We are invited today to climb a high mountain with Jesus and the three disciples. We will meet 2 prophets who also like high mountains. It is there that these prophets had their revelation of the living God. This encounter with the God who frees his people was for them a turning point – an experience so deep that they could continue their mission for which God had sent them. Moses on the Mount Sinai received the Law, the Words of life. Elijah on the mount Horeb had the revelation of God with him.
Jesus is taking us also up on this high mountain today; we are the disciples who follow Jesus, with our fears, our lack of understanding and our expectations. Then the scene of the Transfiguration occurs. Three senses are involved, but above all is sight: his face and his clothes become as bright as the sun, shining like light. In a world of images, we know that what we see stays with us. It would have been a dazzling experience … Each one of us had this experience of a kind of “revelation” of God, something that is gratuitous, coming without us knowing it but opening for us an infinite horizon. Just starting with the call to monastic life; we did not create this call. This experience is precious and we should keep it as a treasure, in our journals but above all in our hearts.
But Jesus is walking towards his Passion; just before this passage, he warned his disciples of the sufferings waiting for him in Jerusalem and the necessity to take up our cross if we follow him. It seems the disciples needed to see the glory of God in advance to be able to endure the Passion of Christ, despite the horror and weakness of the One they thought would be their Savior.
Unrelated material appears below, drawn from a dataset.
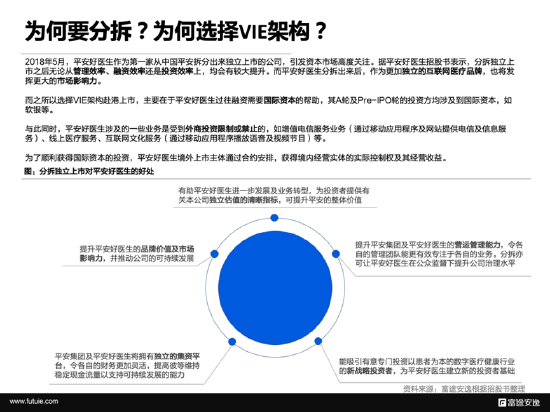 简而言之,分拆之后无论从管理效率、融资效率还是投资效率上,均会有较大提升,而平安好医生分拆出来后,作为更加独立的互联网医疗品牌,也将发挥更大的市场影响力。

The glory of Christ has been hidden in the Incarnation; now it is revealed in this Transfiguration. Jesus shows them and us the way to take towards the Resurrection. Transfiguration, metamorphosis, means “change of form”. The Letter to the Philippians asserts that Christ “who was in the form of God, emptied himself, taking the form of a slave…” Today we see the real form of Christ in his Transfiguration.
The term form should remind us of the Cistercian anthropology, dear to our founders. I am quoting Charles Dumont:
“The Eternal Wisdom incarnated herself in order to re-form the divine image that was damaged in us, in order to make it conform to her. Christ who is the forma , the form that our faces, our soul, our life have to take in, to be conformed to Christ and so to be restored in the image of Christ who is the image of God. This conformity itself is union with God.”
St Bernard says:
“I am united to Christ when I am conformed to him”. Unior cum conformor. (Song of Songs 71, 5. Cf 1 Cor 6: 17).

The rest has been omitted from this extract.